Task statement: Nothing but the lines below from the one with "cutom-built catamaran/kayak.....the sails" through the one with "নিয়োগ পরীক্ষা স্থগিত" should be output, each exactly as given, and no pictures.

Exercise data:
---------------
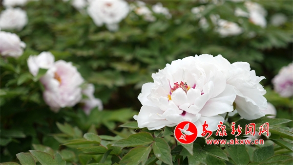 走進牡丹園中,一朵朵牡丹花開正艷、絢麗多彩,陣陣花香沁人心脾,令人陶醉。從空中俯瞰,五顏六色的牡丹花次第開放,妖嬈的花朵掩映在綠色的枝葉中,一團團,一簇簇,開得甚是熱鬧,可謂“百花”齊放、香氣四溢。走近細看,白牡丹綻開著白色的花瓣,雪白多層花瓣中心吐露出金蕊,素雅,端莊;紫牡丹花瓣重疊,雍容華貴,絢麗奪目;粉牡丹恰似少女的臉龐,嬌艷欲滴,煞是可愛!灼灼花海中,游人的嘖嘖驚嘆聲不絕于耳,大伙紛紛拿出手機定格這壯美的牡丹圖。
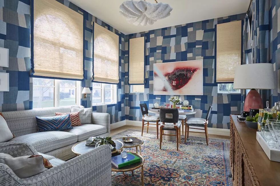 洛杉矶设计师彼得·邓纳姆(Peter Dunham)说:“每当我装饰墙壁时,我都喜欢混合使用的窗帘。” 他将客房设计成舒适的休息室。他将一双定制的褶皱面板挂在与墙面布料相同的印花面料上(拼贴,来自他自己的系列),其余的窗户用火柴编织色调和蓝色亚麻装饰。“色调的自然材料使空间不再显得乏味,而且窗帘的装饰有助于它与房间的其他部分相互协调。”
---------------
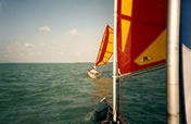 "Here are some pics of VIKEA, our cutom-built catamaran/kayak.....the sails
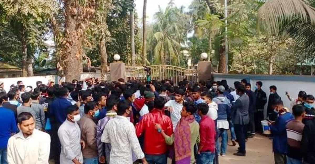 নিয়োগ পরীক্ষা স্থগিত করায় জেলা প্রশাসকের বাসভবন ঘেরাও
---------------
Solution to this task:
 "Here are some pics of VIKEA, our cutom-built catamaran/kayak.....the sails
 নিয়োগ পরীক্ষা স্থগিত করায় জেলা প্রশাসকের বাসভবন ঘেরাও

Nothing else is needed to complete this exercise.